__EXERCISE DATA__
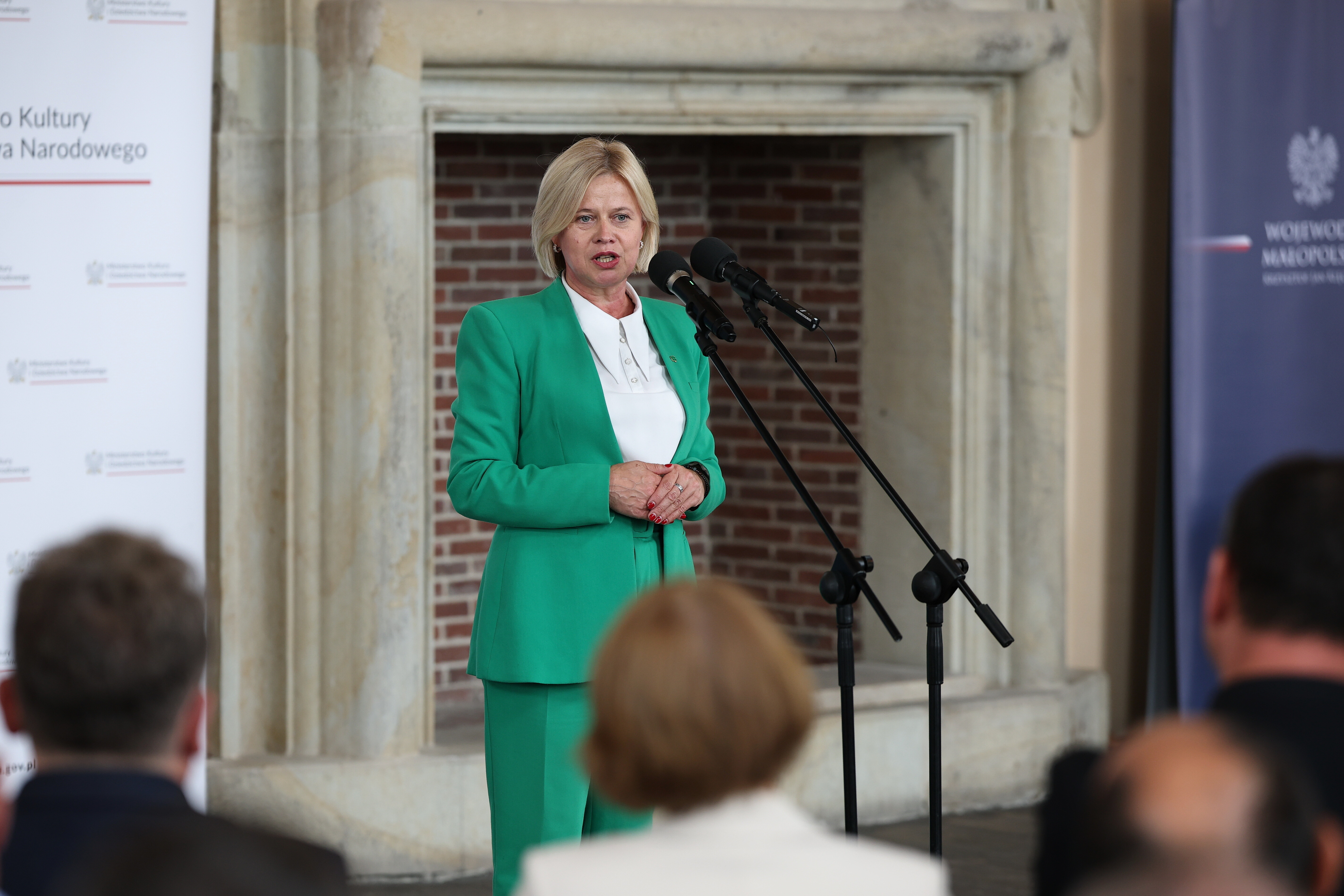 Cieszę się, że nasze spotkanie odbywa się właśnie na Zamku w Wiśniczu – drugim co do wielkości zamku w Małopolsce. To miejsce zasługuje na wsparcie, dlatego z radością ogłaszam, że w ramach programu „Ochrona zabytków” przekazujemy dotację w wysokości ponad 1,29 mln zł na remont przejścia podziemnego w Zamku – powiedziała Bożena Żelazowska, sekretarz stanu w Ministerstwie Kultury i Dziedzictwa Narodowego, generalna konserwator zabytków. – W tym roku przeznaczamy na kulturę w Małopolsce łącznie ponad 200 mln zł. To nie tylko finalizowane dziś dotacje z programu „Ochrona zabytków”, ale także program FEnIKS, w ramach którego pięć instytucji z woj. małopolskiego otrzyma wsparcie na łączną kwotę 184 mln zł. Do tego dochodzi jeszcze program „Infrastruktura kultury” i projekty miękkie. Wierzę, że środki te przyczynią się do podniesienia rangi kultury i historii tego utkanego zabytkami regionu – dodała.
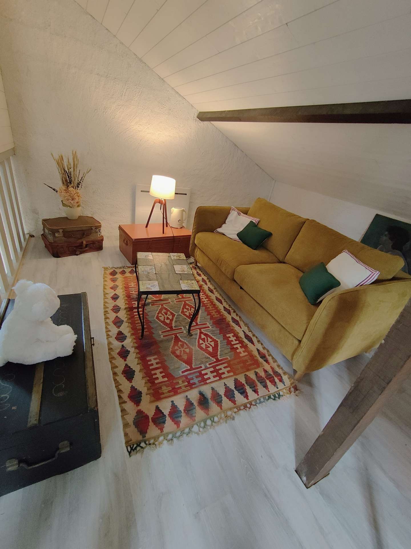 A l’étage elle dispose d’une chambre avec un lit en 160, un coin détente équipé d’un canapé convertible en 140 et un espace dédié aux jeux.
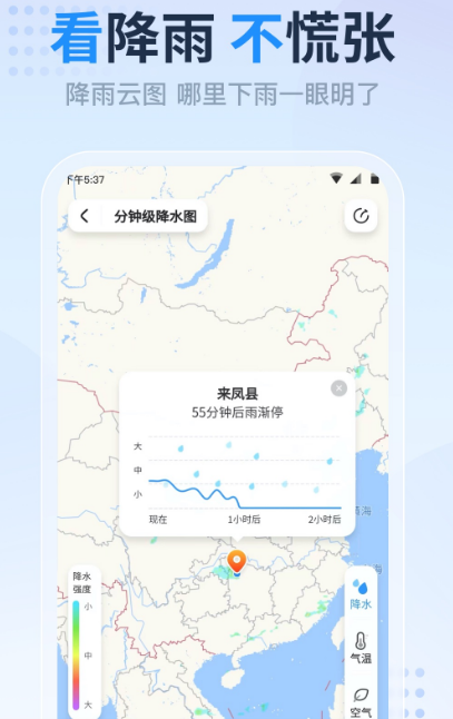 界面简洁明了,占用内存较小,可精准定位调节字体大小,能精确到几分钟下雨或者停雨等多种状态,可查询风向、温度、空气质量,提醒未来两周天气状况。

__PROBLEM TO SOLVE__
Copy exactly the lines from the line holding "A l’étage elle" to the final line of the listing, and leave the pictures out.

__REPLY__
 A l’étage elle dispose d’une chambre avec un lit en 160, un coin détente équipé d’un canapé convertible en 140 et un espace dédié aux jeux.
 界面简洁明了,占用内存较小,可精准定位调节字体大小,能精确到几分钟下雨或者停雨等多种状态,可查询风向、温度、空气质量,提醒未来两周天气状况。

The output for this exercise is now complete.